■ Exercise goal ■
Set down the data again exactly. Pictures are not part of the copy.

■ Provided data ■
━━━━━━━━━━━━━━━━━━━━━━━━━━━━━━
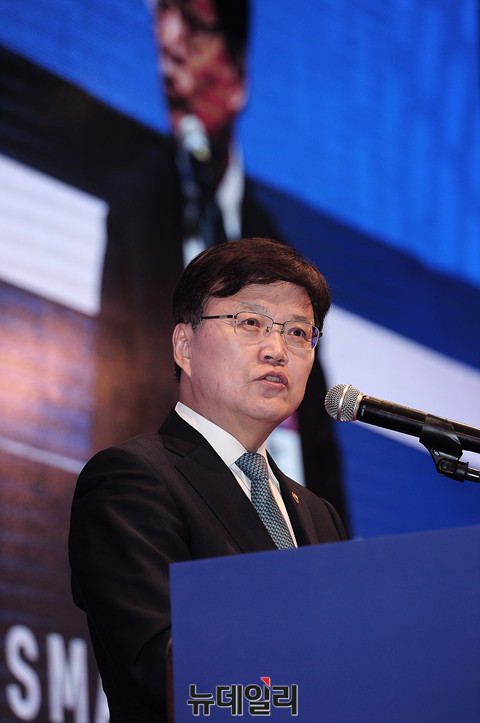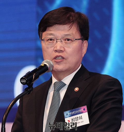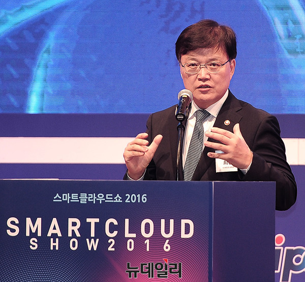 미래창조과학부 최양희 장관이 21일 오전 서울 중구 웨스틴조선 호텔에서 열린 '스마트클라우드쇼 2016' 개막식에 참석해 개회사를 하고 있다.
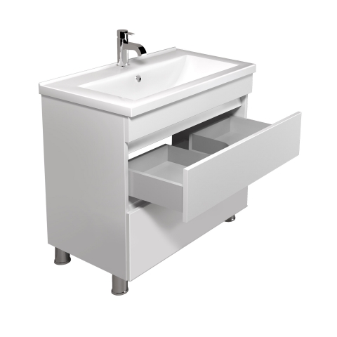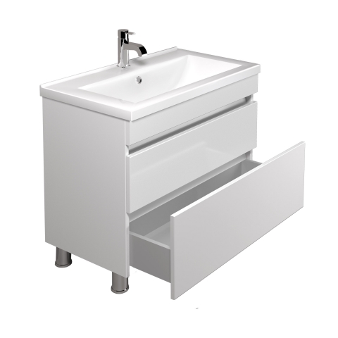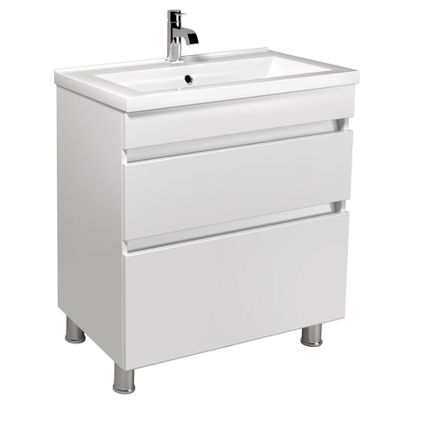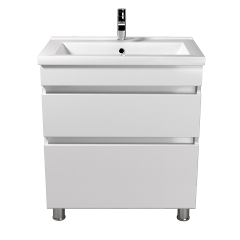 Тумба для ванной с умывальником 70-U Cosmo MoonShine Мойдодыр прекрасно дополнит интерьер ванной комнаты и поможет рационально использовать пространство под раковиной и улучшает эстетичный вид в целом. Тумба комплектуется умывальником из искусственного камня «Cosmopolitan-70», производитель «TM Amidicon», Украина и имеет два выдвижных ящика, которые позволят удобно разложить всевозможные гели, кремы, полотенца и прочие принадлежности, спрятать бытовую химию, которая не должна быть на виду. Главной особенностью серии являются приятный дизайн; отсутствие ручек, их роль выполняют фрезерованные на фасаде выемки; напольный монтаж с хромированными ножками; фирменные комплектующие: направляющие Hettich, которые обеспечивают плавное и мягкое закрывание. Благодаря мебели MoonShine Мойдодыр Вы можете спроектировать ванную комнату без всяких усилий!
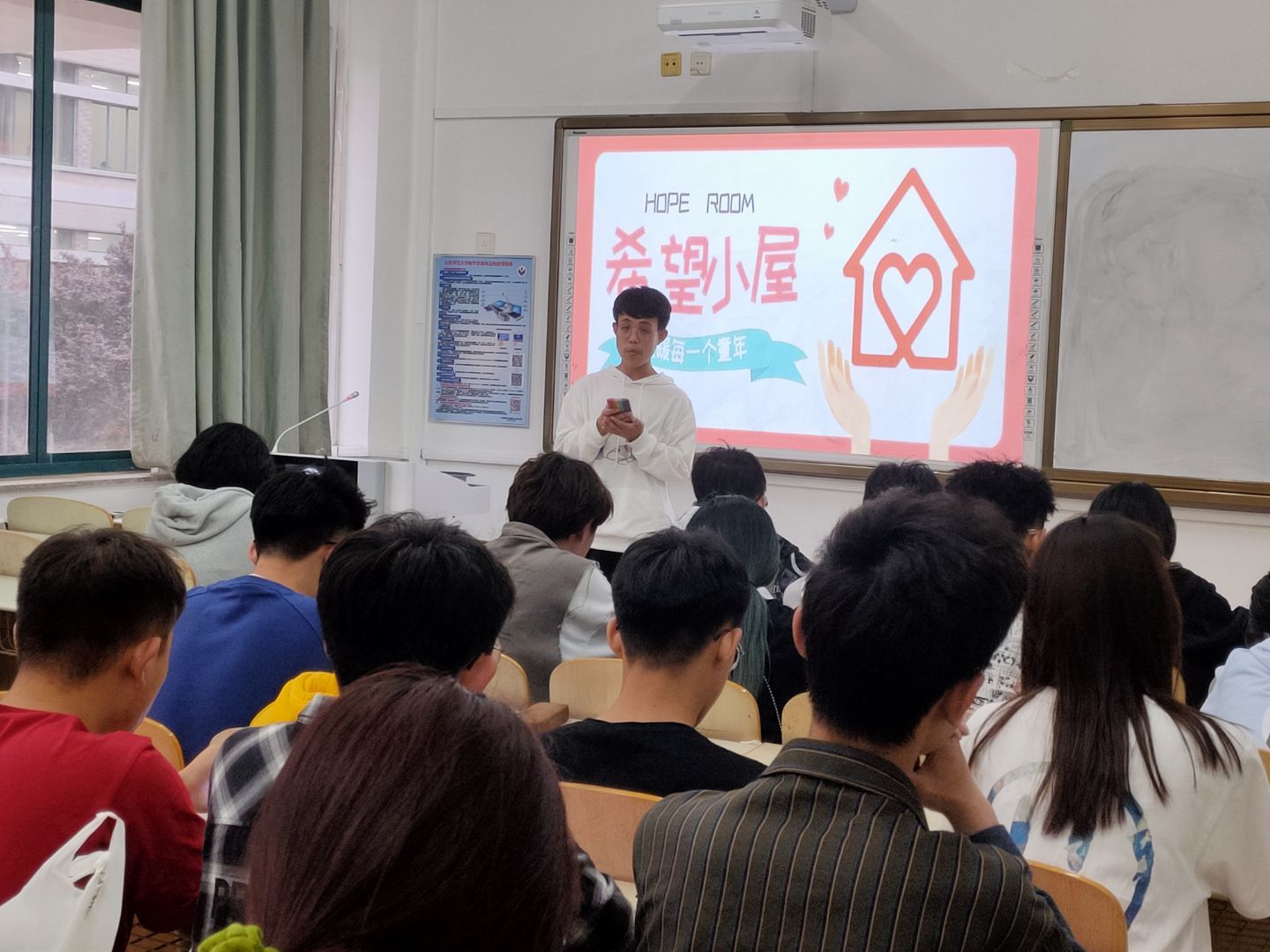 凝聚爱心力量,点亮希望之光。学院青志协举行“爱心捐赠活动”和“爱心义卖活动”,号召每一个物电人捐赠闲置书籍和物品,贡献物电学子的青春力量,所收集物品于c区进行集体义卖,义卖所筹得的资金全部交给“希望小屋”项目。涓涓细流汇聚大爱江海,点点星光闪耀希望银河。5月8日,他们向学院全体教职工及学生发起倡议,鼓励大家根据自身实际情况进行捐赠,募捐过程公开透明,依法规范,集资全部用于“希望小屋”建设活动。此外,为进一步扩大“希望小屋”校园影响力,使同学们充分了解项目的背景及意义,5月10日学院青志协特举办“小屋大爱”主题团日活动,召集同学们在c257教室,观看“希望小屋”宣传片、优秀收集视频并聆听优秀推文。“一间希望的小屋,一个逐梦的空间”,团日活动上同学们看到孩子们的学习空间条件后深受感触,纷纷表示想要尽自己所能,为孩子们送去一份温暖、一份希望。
━━━━━━━━━━━━━━━━━━━━━━━━━━━━━━
■ Solution for this problem ■
 미래창조과학부 최양희 장관이 21일 오전 서울 중구 웨스틴조선 호텔에서 열린 '스마트클라우드쇼 2016' 개막식에 참석해 개회사를 하고 있다.
 Тумба для ванной с умывальником 70-U Cosmo MoonShine Мойдодыр прекрасно дополнит интерьер ванной комнаты и поможет рационально использовать пространство под раковиной и улучшает эстетичный вид в целом. Тумба комплектуется умывальником из искусственного камня «Cosmopolitan-70», производитель «TM Amidicon», Украина и имеет два выдвижных ящика, которые позволят удобно разложить всевозможные гели, кремы, полотенца и прочие принадлежности, спрятать бытовую химию, которая не должна быть на виду. Главной особенностью серии являются приятный дизайн; отсутствие ручек, их роль выполняют фрезерованные на фасаде выемки; напольный монтаж с хромированными ножками; фирменные комплектующие: направляющие Hettich, которые обеспечивают плавное и мягкое закрывание. Благодаря мебели MoonShine Мойдодыр Вы можете спроектировать ванную комнату без всяких усилий!
 凝聚爱心力量,点亮希望之光。学院青志协举行“爱心捐赠活动”和“爱心义卖活动”,号召每一个物电人捐赠闲置书籍和物品,贡献物电学子的青春力量,所收集物品于c区进行集体义卖,义卖所筹得的资金全部交给“希望小屋”项目。涓涓细流汇聚大爱江海,点点星光闪耀希望银河。5月8日,他们向学院全体教职工及学生发起倡议,鼓励大家根据自身实际情况进行捐赠,募捐过程公开透明,依法规范,集资全部用于“希望小屋”建设活动。此外,为进一步扩大“希望小屋”校园影响力,使同学们充分了解项目的背景及意义,5月10日学院青志协特举办“小屋大爱”主题团日活动,召集同学们在c257教室,观看“希望小屋”宣传片、优秀收集视频并聆听优秀推文。“一间希望的小屋,一个逐梦的空间”,团日活动上同学们看到孩子们的学习空间条件后深受感触,纷纷表示想要尽自己所能,为孩子们送去一份温暖、一份希望。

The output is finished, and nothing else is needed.